Alternatively, the calculated ORs may have been underestimated due to the grouping together of underweight and normal-weight subjects. Being underweight has been shown to be a risk factor for asthma, with the relationship between asthma risk and BMI having a J-shape such that very low BMI has been reported to be associated with elevated asthma risk (15). By defining “normal” BMI as less than 25, we potentially included underweight individuals with a high incidence of asthma in the “normal” group, which elevates the group's asthma incidence and diminishes the relative odds of asthma due to obesity.
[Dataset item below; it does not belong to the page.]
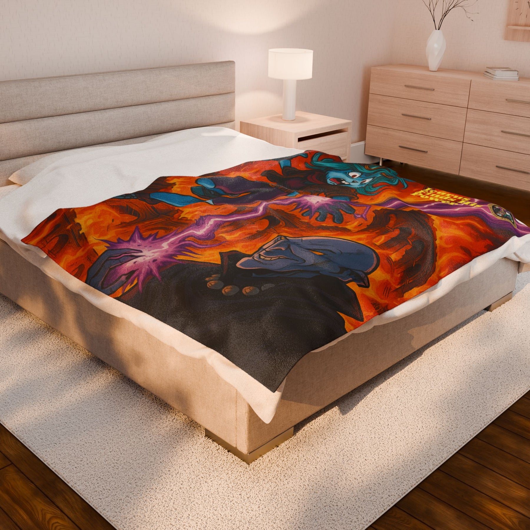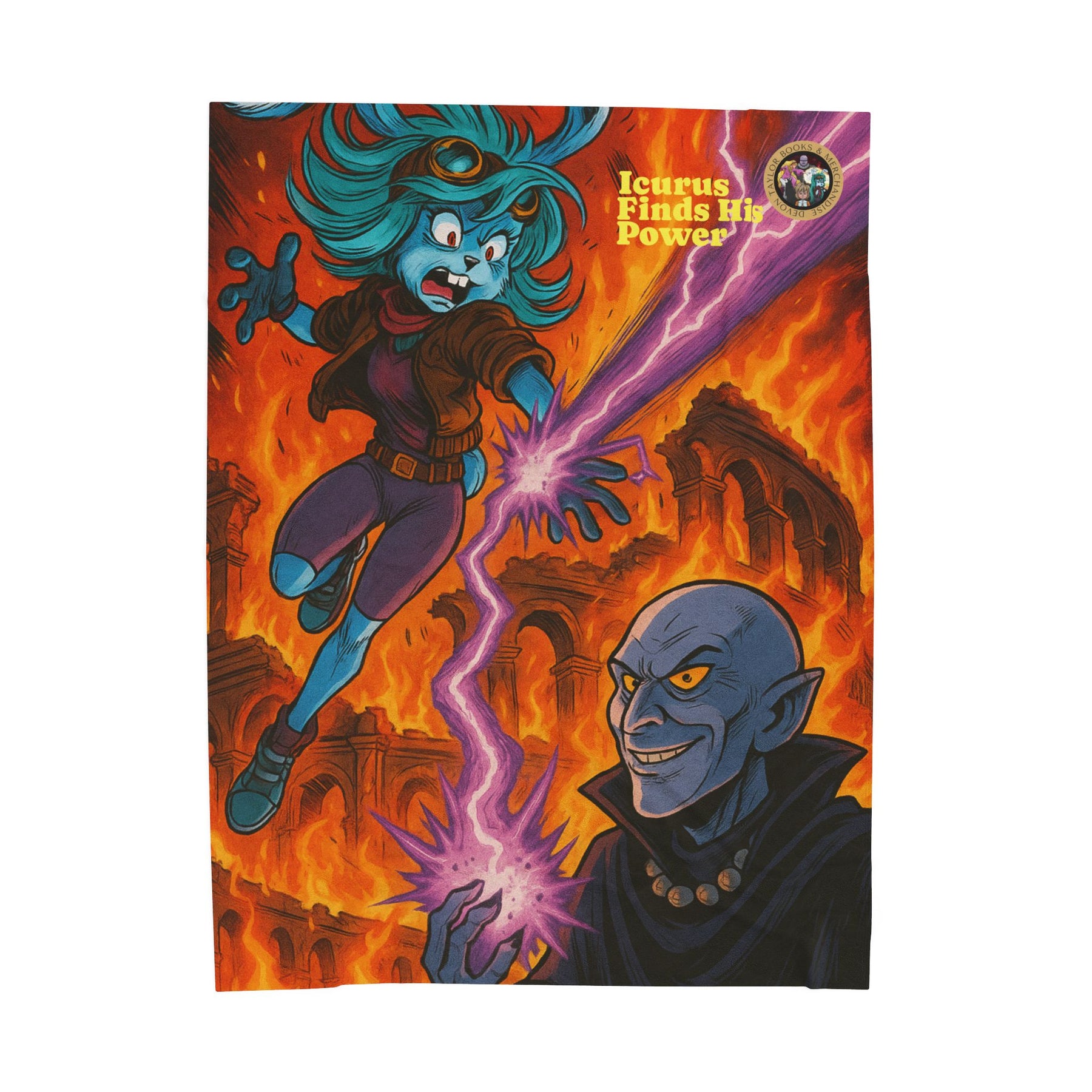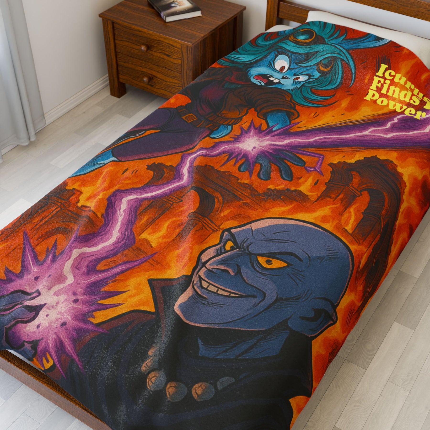 Wrap yourself in a story of bold color and cinematic adventure. This plush velveteen blanket features a vivid, single-sided print of an epic clash — electric energy arcs between a determined, teal-haired heroine and a sinister sorcerer set against molten, ruinous architecture. The fabric feels luxuriously soft and warm against the skin while the high-detail print keeps every flame and lightning strike crisp. Use it on late-night gaming sessions, comic-reading marathons, or to add a punch of illustrated drama to a cozy corner. It brings the intensity of the scene into your space and holds it there, bright and tactile.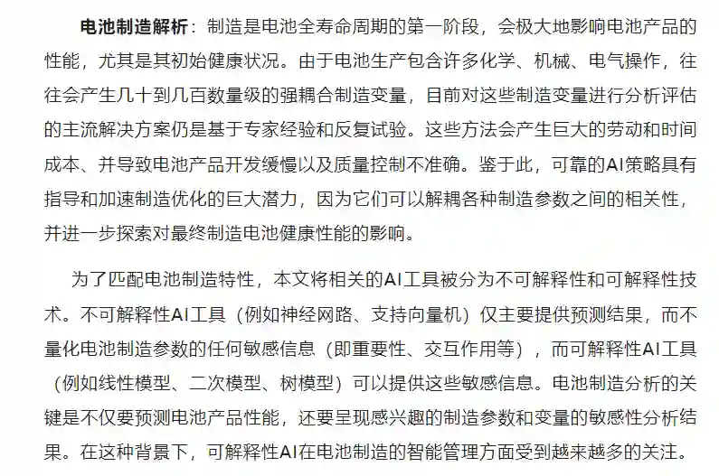 1)对于电池制造,在介绍了电池生产的基础知识后,讨论了基于AI的电池制造数据分析框架和相应的AI工具,以实现有利于电池初始健康性能提升的智能制造。

Because three of the seven studies included BMI of less than 20 in their “normal” group, we were unable to rigorously exclude underweight individuals in our analysis.
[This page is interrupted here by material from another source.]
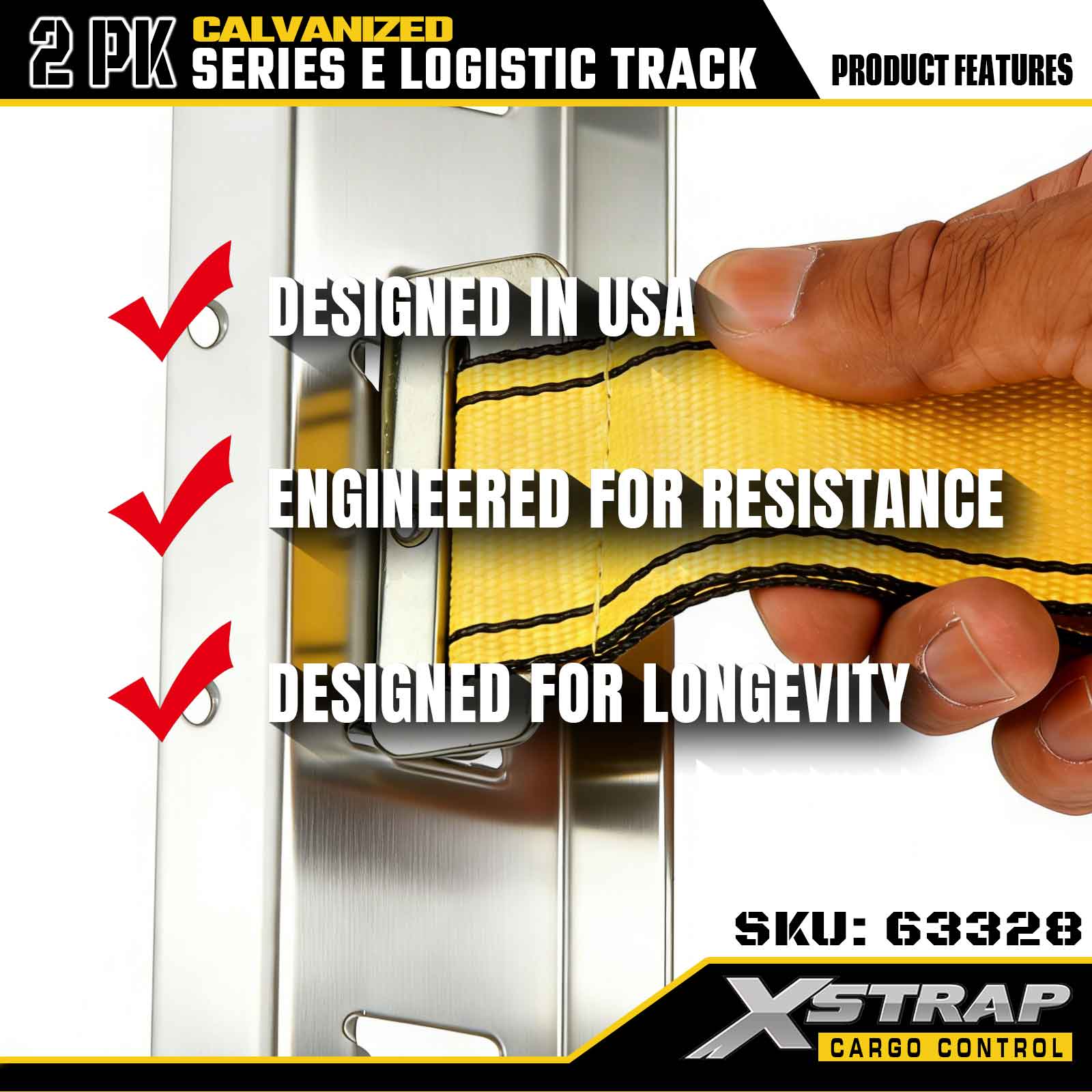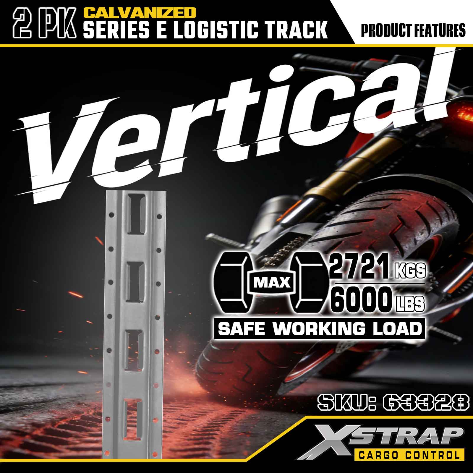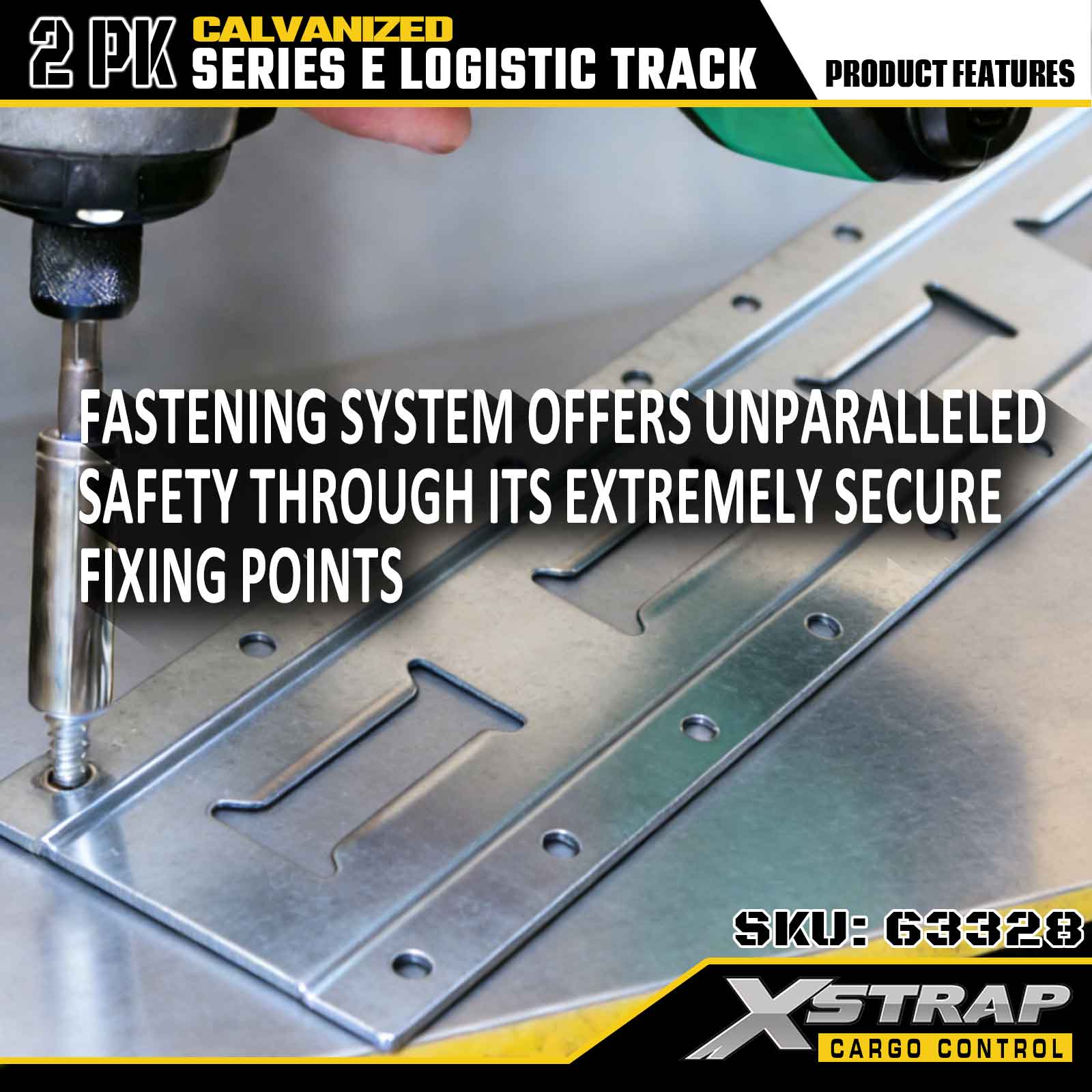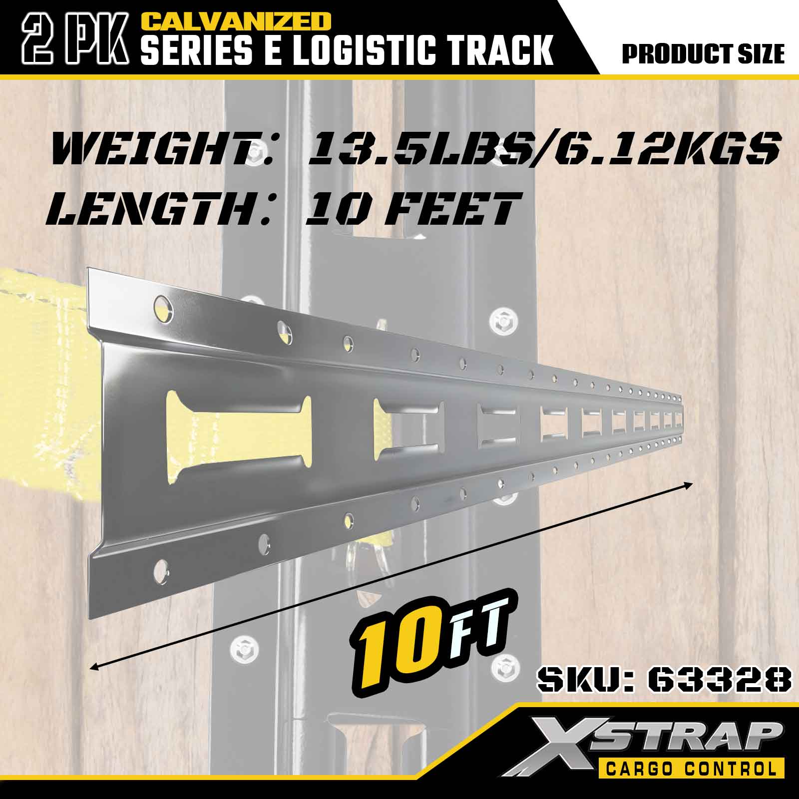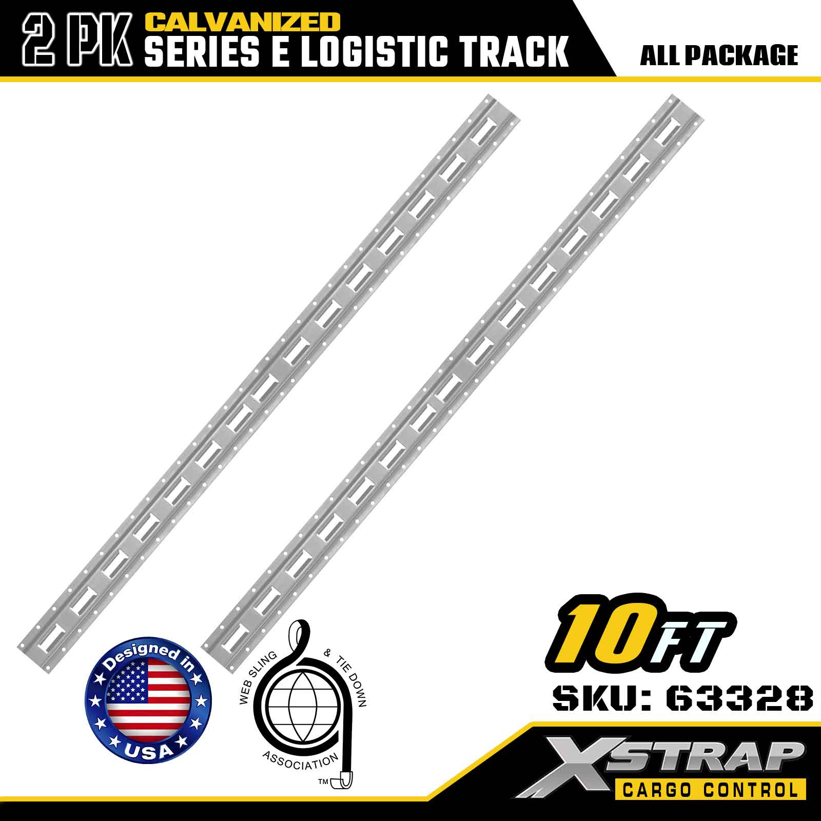 Xstrap 63328 10ft gegalvaniseerde zilveren E-track bevestigingsrail - 12-gauge staal met gegalvaniseerde afwerking, 6000LBS laadvermogen, 2-pack voor ladingzekering

Although the effect of obesity on asthma in this study was statistically significant and there was a clear dose–response relationship, the magnitude of the effect was modest, even if one assumes that all newly reported cases of asthma in these studies are asthma and not obesity-associated respiratory symptoms. However, to standardize data for our analysis, we determined the number of new cases of asthma per year; thus, the increased odds are elevated even over a relatively short time frame with regard to duration of overweight and/or obesity in many patients and when multiplied over many years are likely to be clinically significant.
Obesity is a well-established risk factor for diabetes, hypertension, sleep apnea, stroke, cardiovascular disease, arthritis, cancer, and many other diseases (44, 45). Our findings support adding asthma to this list and should provide yet one more piece of information to compel obese individuals to lose weight and to support the aggressive implementation of public health measures to support the attainment of this goal.